From: TF, for the latest news on copyright battles, piracy and more.
In recent years, various copyright holder groups have advocated for initiatives to cut off funding to pirate sites.
This “follow-the-money” approach is complex as it requires voluntary cooperation from various third-party services such as payment processors, hosting companies, advertisers, and search engines.
In Denmark, local anti-piracy group Rights Alliance has been working on this issue for several years and this week revealed a breakthrough. Together with the Danish Ministry of Culture, the group announced a new anti-piracy deal.
The Codex agreement, which is signed by several of Denmark’s biggest media agencies, advertising outfits, payment processors, and industry organizations, expands an earlier initiative that was limited to the advertising industry.
All parties that signed the deal have agreed to ban pirate sites to the best of their abilities. Ideally, this should lead to fewer ads on pirate sites and decreased payment processing options, among other things. How this is achieved will vary from company to company.
The agreement is the result of an initiative by the Ministry of Culture which started in 2013. Through a government-led series of hearings, various key players were brought together, which ultimately led to the cooperation that was announced this week.
Danish Minister of Culture Joy Mogensen is happy with the progress made and hopes it will help put a dent in the ongoing piracy problem.
“It is important that we stand together to ensure that advertisements for legal services and products do not inadvertently end up on illegal websites and in this way indirectly help to finance illegal activities. That is why I am pleased that there is so much support for the Codex agreement from the key digital players,” Mogensen says.
All signatories agreed to a set of anti-piracy obligations. For example, they will distance themselves from pirate services, implement concrete anti-piracy policies, and block known pirate sites wherever possible.
The known pirate sites are placed on a “cooperation list” which is intentionally kept secret. In fact, signees are specifically forbidden from sharing it with outsiders.
“As a rule, the Cooperation List is not public in its entirety and is only available to those companies who cooperate on the list so that sites with illegal content are not highlighted unnecessarily,” the agreement reads.
TorrentFreak reached out to the Danish Rights Alliance to get some more context. Unsurprisingly, the group couldn’t share the full blocklist but director Maria Fredenslund informed us that it contains roughly 350 URLs including Thepiratebay.org, Popcorn-Time.is, as well as the defunct Grooveshark.com site.
These URLs are based on Danish site-blocking orders, issued by local courts. However, the Rights Alliance would like to see it expanded in the future. For example, sites can be added based on set criteria, similar to WIPO’s piracy blacklist.
“This list is based on dynamic court orders, however, we believe that it is essential to expand with sites which are illegal based on approved criteria – inspired by WIPO’s list,” Fredenslund tells TorrentFreak.
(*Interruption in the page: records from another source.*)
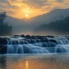 Oranje waterval in bos behang
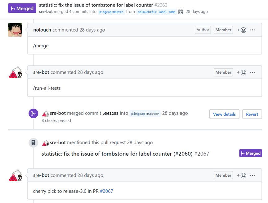 SRE 机器人自动 Merge PR 并 Cherry-pick 到 Release 分支
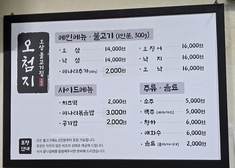 | 오삼불고기 | 14,000원 |
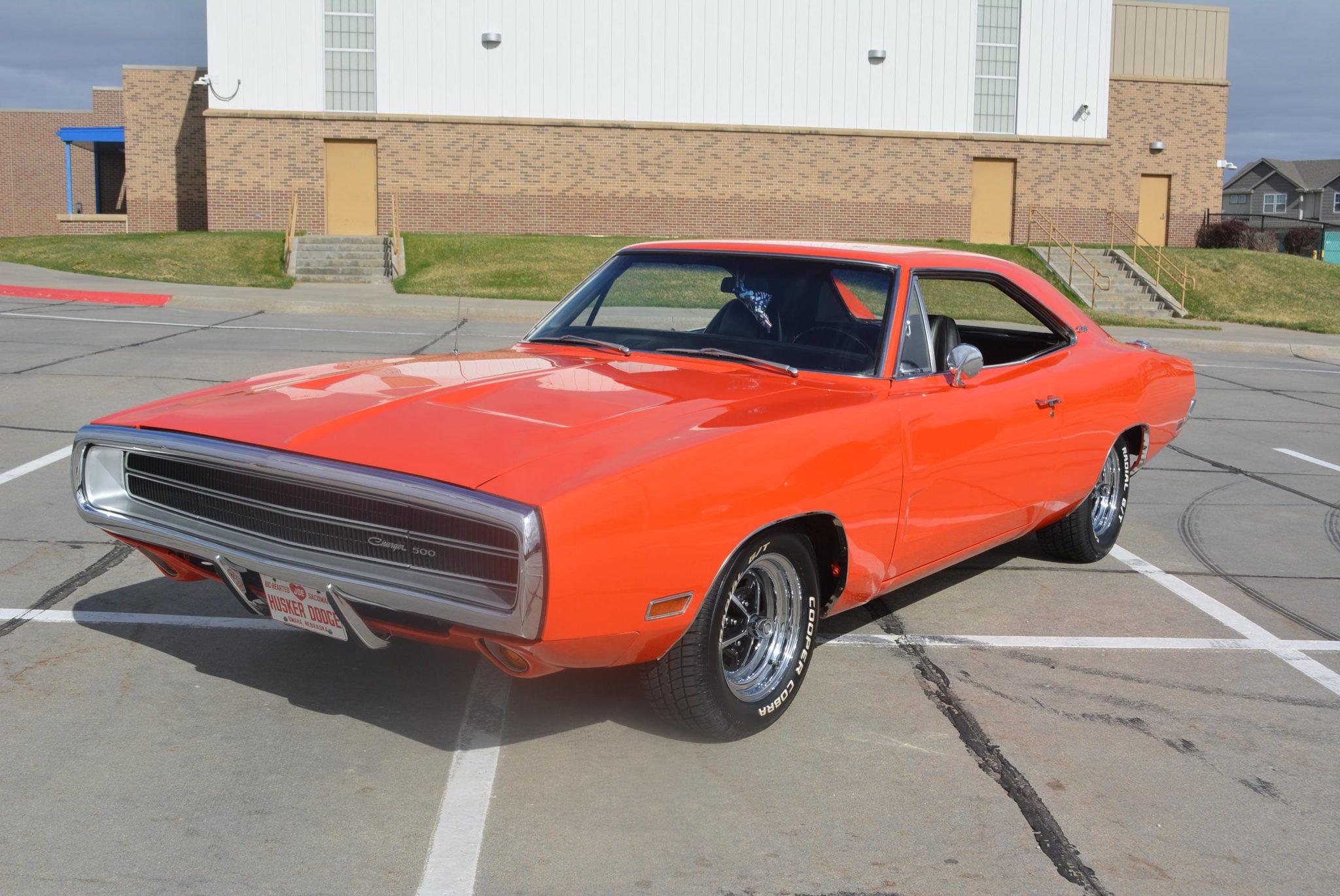 The 15″ Magnum 500-style wheels wear Cooper Cobra Radial G/T tires installed in 2021. Additional work completed under current ownership included installing power-assisted front disc brakes and replacing the front suspension bushings in 2009. A full-size spare wheel is mounted in the trunk.
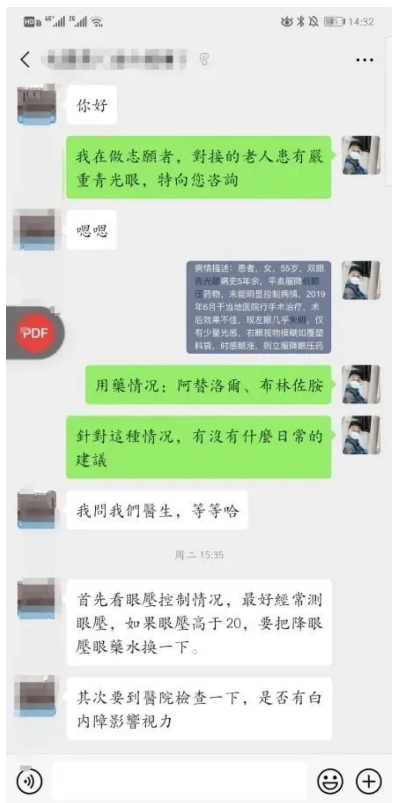 前方疫情得救人,后方治病也要紧。两名志愿者与刘阿姨之间开起了“互联网医院”,但异地代人问诊并非易事。“那天晚上对接眼科医生让人心力憔悴,到第二天中午终于联系上了,”周孜奕将晚上整理好的病情记录发送给眼科医生,得到日常治疗建议后再转述给刘阿姨。
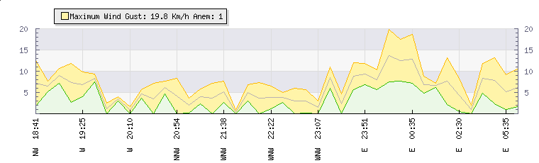 In the last few minutes the wind was Easterly at an average speed of 5 kmh, reaching up to 9 kmh and a low of 1 kmh. The gust strength is8 kmh above the minimum speed |
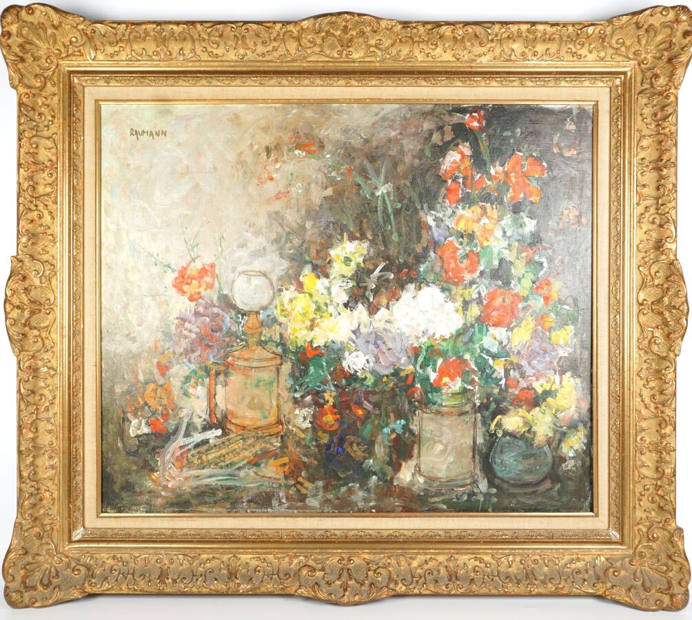 Joseph RAUMANN (1908-1999), "Fleurs", huile sur toile signée en haut à gauche, contresignée et titrée au dos, 50 x 65 cm.
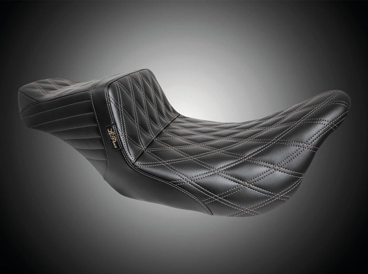 Fits all 96, 103, 107 & 114CI Touring 2008 to present and all 117CI Touring 2018-2023, TailWhip Seat, Chestnut Double Diamond stitch
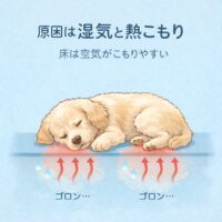 それは、ワンちゃんの体温と床の温度差によって「結露」のような湿気が発生するからです。

Time will tell how effective the Codex agreement will be. TorrentFreak reached out to two signees, media and advertising agency OMD and the publishing industry organization Danske Medier, but both said they have no way to directly measure the effects.
Allan Sørensen from Danske Medier says that individual publishers always had the option to block campaigns from illegal sites. However, that wasn’t always easy, as not all ads are separately approved and it’s not always clear what a pirate site is. With the Codex blocklist, this will be easier.
“It’s safe to say that a lot fewer banners from copyright-infringing sites are being shown as a consequence of this initiative and it has greatly improved the efforts needed from publishers and the legal certainty in the matter,” Sørensen says.
While that is certainly true, there are always advertising companies who won’t shy away from pirate sites. Some even seek them out specifically. And on the payment side, some cryptocurrencies are impossible to cut off.
More information on the Codex agreement and other signatories, which also include Microsoft News, Adform, Jubii Media Group, Eurocard, and Xandr, is available on the Rights Alliance website.
From: TF, for the latest news on copyright battles, piracy and more.
“Walton Goggins as a charming, country idiot” should be all you need to hit play.
The trailer for Hulu's John Bronco.
John Bronco—Hulu's new sub-40-minute mockumentary about a "lost" "Ford pitchman"—is a good idea, well-executed. What if you took the competent-idiot Southern charm of Justified's Boyd Crowder, but, instead of an Appalachian criminal, made the character the unlikely pitchman for a beloved classic SUV, who oozes over-the-top marketable machismo a la the Marlboro Man? And... what if you can get Walton Goggins himself to play the S.O.B? To call that comedic premise excellent, well, "It'd be like saying, 'I Can't Believe It's Not Butter is just margarine...' which I guess it is," as one interviewee describes Bronco.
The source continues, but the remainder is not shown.